Identifying MIB1 as a novel gene causing Bicuspid Aortic Valve

Introduction: Bicuspid aortic valve (BAV) is the commonest congenital heart valvular malformation. Although BAV has a major heritable component, most of the involved genes are unknown. Low penetrance and high genetic heterogeneity make identification of causative genes challenging. We used familial and population genetic bioinformatic analysis complemented by mice model and identified MIB1 as a causative gene for BAV.

Material and Methods: In silico analyses of exome sequencing in a familial cohort (28 pedigrees, n=70) were initially used. Next, burden tests were performed to compare rare variants in a replication cohort of 446 BAV cases to unaffected cohort from gnomAD database. Genotyping data of additional 452 BAV cases and 1849 matched controls were used as a second independent replication cohort. The resulted were verified in a signaling assay as well as via in vivo CRISPR-Cas mice models.

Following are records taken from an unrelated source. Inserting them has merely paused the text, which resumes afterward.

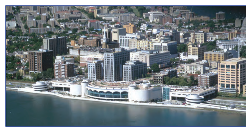
Monona Terrace Community and Convention Center

The Judge Doyle Square (JDS) site is bounded by Martin Luther King, Jr. Boulevard on the west, Doty Street on the north, Wilson Street on the south and on the east by a group of buildings that front mainly on King Street. See figure page 5. Pinckney Street runs through the site and defines Block 88 from Block 105. The eastern portion of Block 88, which is currently a surface parking lot for the MMB and the GE garage on Block 105 are currently identified in the Madison Downtown Plan (2012) as potential redevelopment and infill sites.
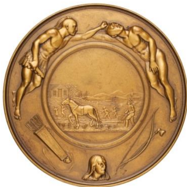
Figure 20. Reverse American Indian Peace Medal, President Millard Fillmore, 1850 (replica). Collection: Numismatics & Philately © Museums Victoria.
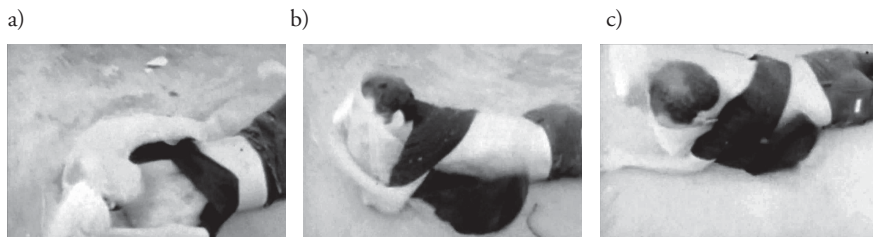
2a-2c). Hélio Oiticica, Parangolé Pt17 Cape 13 "I am Possessed" , 1967. Filmstills taken from Cardoso, Heliorama (vid supra n. 6).

banda religion. 16 The dances during the rites of the Orixá cult resemble the Samba; it is all about trance, in so far as the “possession trance” plays an important role. Then, the persons in trance receive a white bandeau, called oja , wound around the upper part of their bodies and they wear oxu , a conical pack of ingredients that protect the sacred cuts received during the initiation rite. The priest or priestess is considered to function in a creative capacity causing the novices’ birth. In this sense, art historian Mikelle Smith Omari describes the procedure as follows:
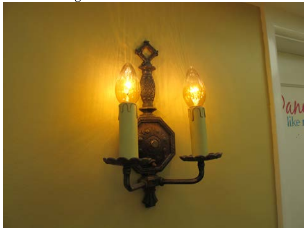
Light fixture, upstairs
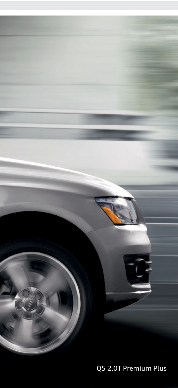
Q5 2.0T Premium Plus
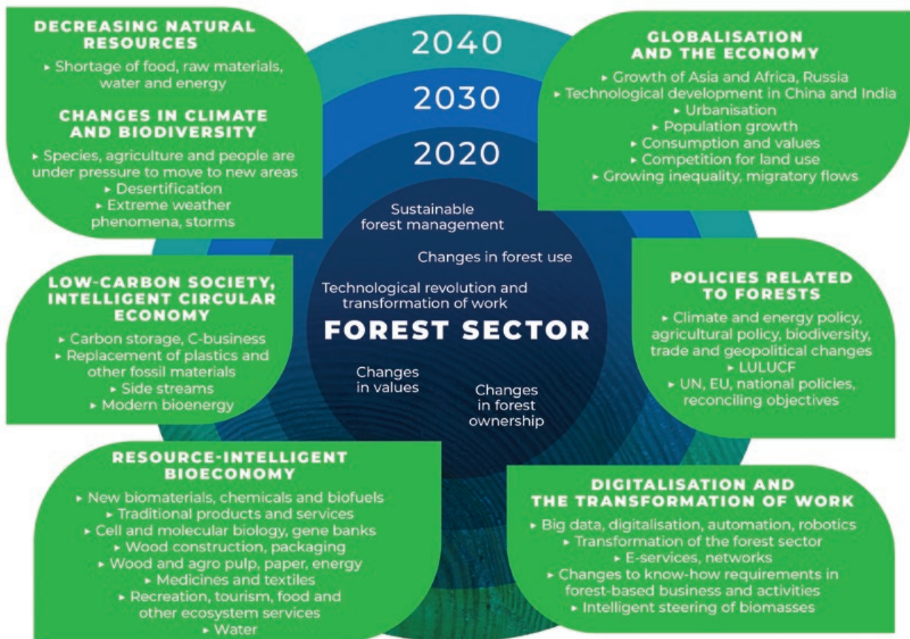
Figure: Key global megatrends that affect the forest sector.

Objectives related to sustainable development will influence the forest sector's development both in the short and long term. These are reflected in Finland's forest sector, for example, through the export of forest industry products, forest use as well as international policies that are related to and affect forests.
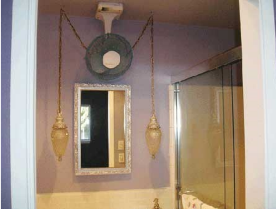
The latest in lighted ventilators
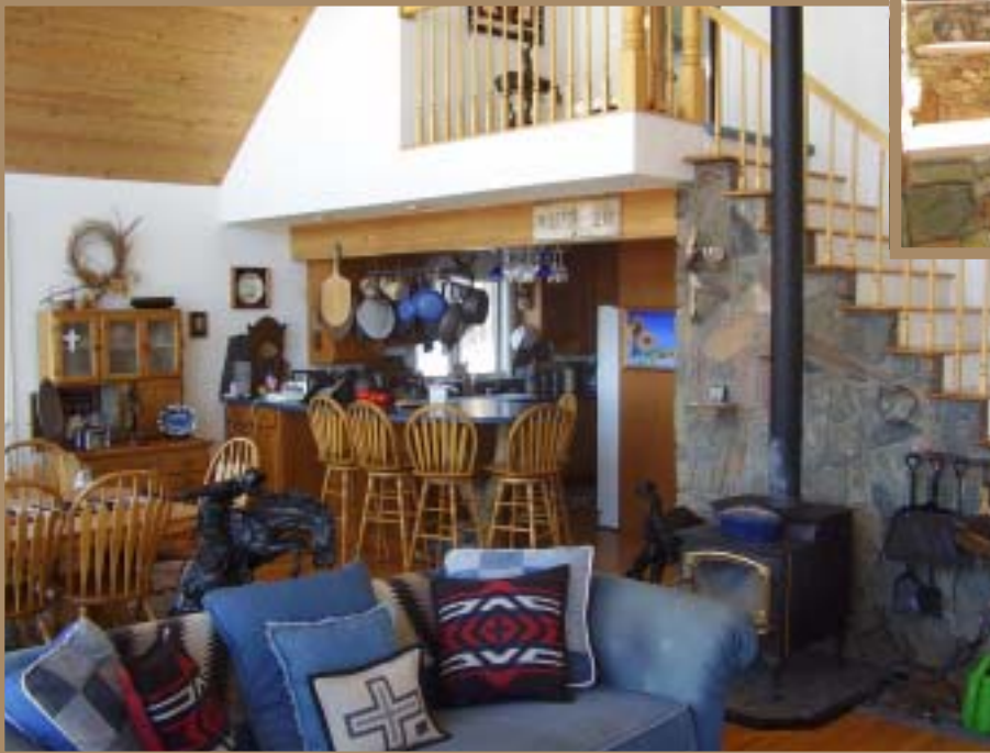
Living Area & Kitchen
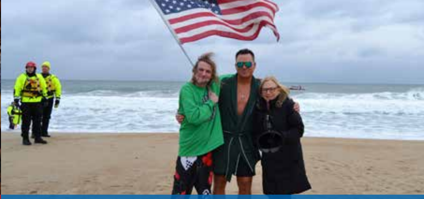
LADACIN's 15th Plunge was held on January 14, 2023, at Manasquan Main Beach.
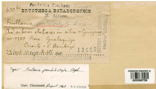
Fig. 2. – Label of holotype of Frullania pendulostyla Steph. at G.

only in 1953. Allioni's labels therefore frequently mention Azuay as province of origin of the specimen, instead of Morona Santiago. The only collections made by Allioni in Azuay, as currently defined, are from Chunchi and Cuenca, gathered in January 1909 while travelling from Guayaquil to Gualaquiza, and from the páramo of Matanga near the provincial border with Morona Santiago, visited by Allioni in October 1909 and again in November 1910.

Results and Discussion: We identified predicted damaging variants. MIB1 is an E3 ligase essential for NOTCH signaling activation, a key pathway in heart development. BAV cases presented significant enrichment for rare and predicted damaging mutations compared to ethnically matched controls (p=0.02). Genotyping data analysis identified risk genetic haplotypes in MIB1, which were significantly associated with BAV (p=0.017). The identified MIB1 nonsense variants showed loss of interaction with their substrate, failing to activate NOTCH downstream pathway in cell-based signaling assay. Mouse models of Mib1 inactivation and a knock-in of a missense variant found in our BAV family developed BAV.

Conclusions: We identified MIB1 as a novel gene causing BAV using human genetic, cellular, and animal models. Given the importance of the gene in NOTCH signaling, our results underscore the role of this pathway in the pathophysiology of BAV, recognizing the first driver pathway for BAV, which is a potential target for diagnostic and therapeutic interventions.